In graph theory and theoretical computer science, the colour refinement algorithm also known as the naive vertex classification, or the 1-dimensional version of the Weisfeiler-Leman algorithm, is a routine used for testing whether two graphs are isomorphic. While it solves graph isomorphism on almost all graphs, there are graphs such as all regular graphs that cannot be distinguished using colour refinement.

== History ==
The first appearance of color refinement is in Stephen H. Unger's program GIT
for graph isomorphism, where it is called the Extend method.
It was described again, immediately after, in a chemistry paper.

== Description ==
The algorithm takes as an input a graph $G$ with $n$ vertices. It proceeds in iterations and in each iteration produces a new colouring of the vertices. Formally a "colouring" is a function from the vertices of this graph into some set (of "colours"). In each iteration, we define a sequence of vertex colourings $\lambda_i$ as follows:

- $\lambda_0$ is the initial colouring. If the graph is unlabelled, the initial colouring assigns a trivial colour $\lambda_0(v)$ to each vertex $v$. If the graph is labelled, $\lambda_0$ is the label of vertex $v$.
- For all vertices $v$, we set $\lambda_{i+1}(v) = \left(\lambda_i(v), \{\{ \lambda_i(w) \mid w \text{ is a neighbor of } v\}\}\right)$.

In other words, the new colour of the vertex $v$ is the pair formed from the previous colour and the multiset of the colours of its neighbours.
This algorithm keeps refining the current colouring. At some point it stabilises, i.e., $\lambda_{i+1}(u)=\lambda_{i+1}(v)$ if and only if $\lambda_i(u)=\lambda_i(v)$. This final colouring is called the stable colouring.

== Graph Isomorphism ==

Colour refinement can be used as a subroutine for an important computational problem: graph isomorphism. In this problem we have as input two graphs $G, H$ and our task is to determine whether they are isomorphic. Informally, this means that the two graphs are the same up to relabelling of vertices.

To test if $G$ and $H$ are isomorphic we could try the following. Run colour refinement on both graphs. If the stable colourings produced are different we know that the two graphs are not isomorphic. However, it could be that the same stable colouring is produced despite the two graphs not being isomorphic; see below.

== Complexity ==

It is easy to see that if colour refinement is given a $n$ vertex graph as input, a stable colouring is produced after at most $n-1$ iterations. Conversely, there exist graphs where this bound is realised. This leads to a $O((n+m)\log n)$ implementation where $n$ is the number of vertices and $m$ the number of edges. This complexity has been proven to be optimal under reasonable assumptions.

== Expressivity ==
We say that two graphs $G$ and $H$ are distinguished by colour refinement if the algorithm yields a different output on $G$ as on $H$. There are simple examples of graphs that are not distinguished by colour refinement.
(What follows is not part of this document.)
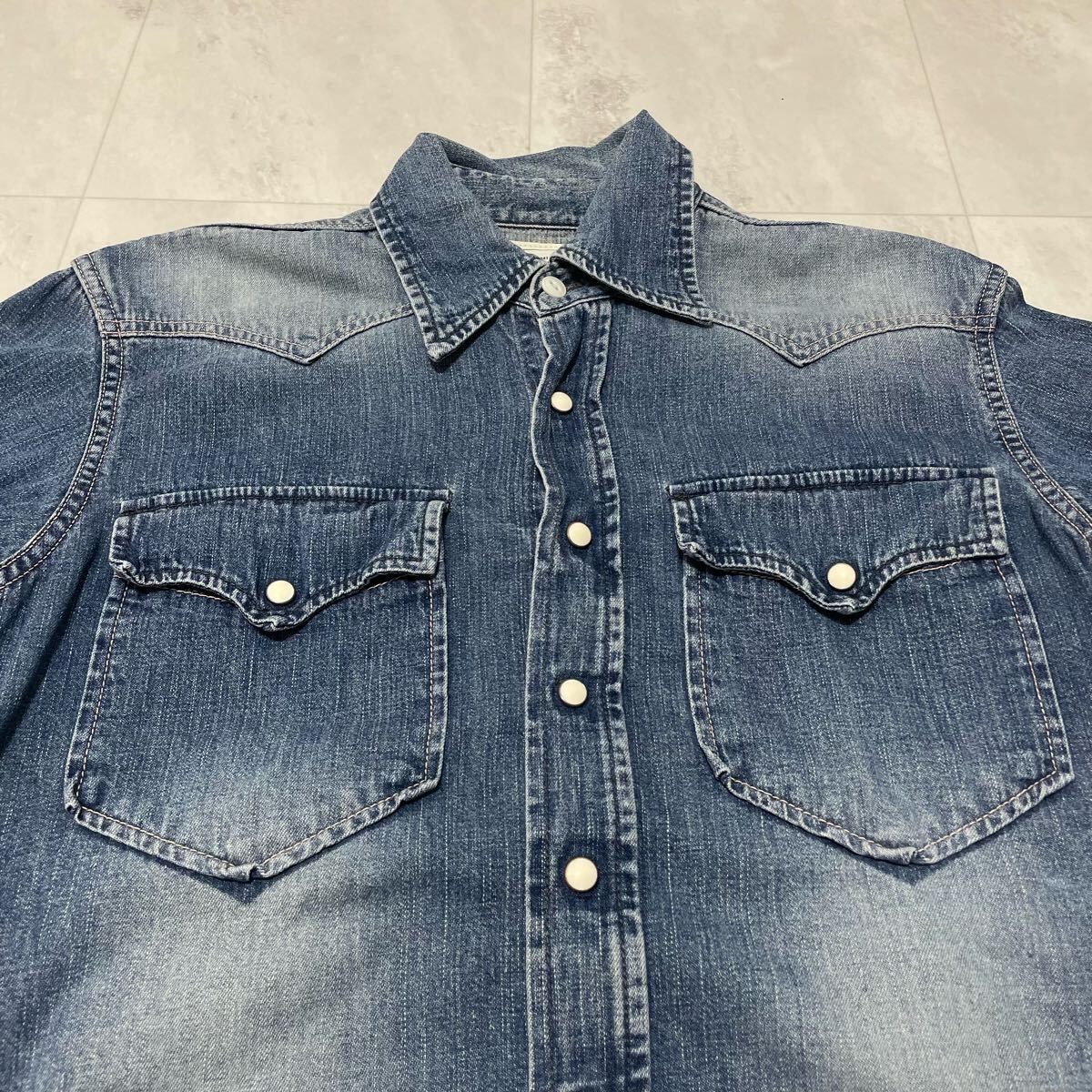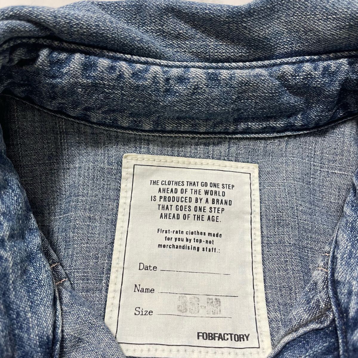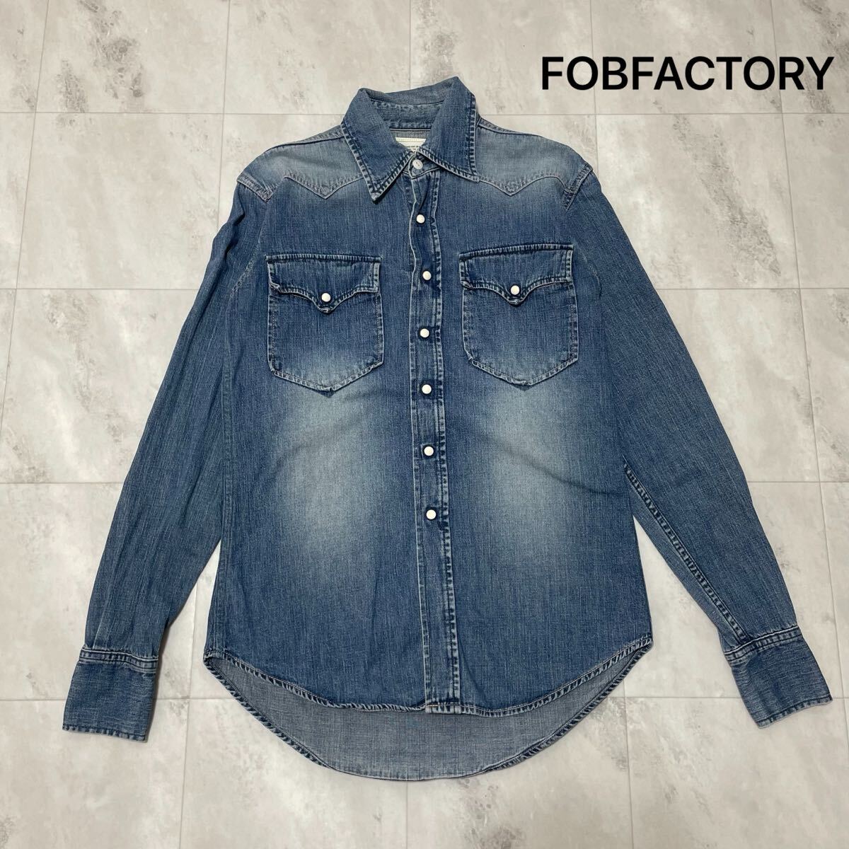 FOB FACTORY エフオービーファクトリー デニムシャツ 日本製 ウエスタンシャツ 長袖 ユーズド加工 インディゴ サイズM 玉SS3033

For example, it does not distinguish a cycle of length 6 from a pair of triangles (example V.1 in ). Despite this, the algorithm is very powerful in that a random graph will be identified by the algorithm asymptotically almost surely. Even stronger, it has been shown that as $n$ increases, the proportion of graphs that are not identified by colour refinement decreases exponentially in order $n$.

==Equivalent Characterizations==

For two graphs $G$ and $H$ with the same number of vertices, the following conditions are equivalent:
- $G$ and $H$ are indistinguishable by colour refinement.
- The minimum fibration bases of $G$ and $H$ are isomorphic.
- $G$ and $H$ are fractionally isomorphic.
- $G$ and $H$ have a common coarsest equitable partition.
- $G$ and $H$ have the same universal cover.
- For all trees $T$, there are an equal number of homomorphisms from $T$ to $G$ as there are from $T$ to $H$.
- $G$ and $H$ cannot be distinguished by the two variable fragment of first order logic with counting.
- Any message passing graph neural network will map $G$ and $H$ to the same output, if the input node features are the initial colours $\lambda_0$.
- Any synchronous anonymous algorithm with broadcast/mailbox message passing in which the input depends on the color only will generate an output that depends, again, on the initial color only.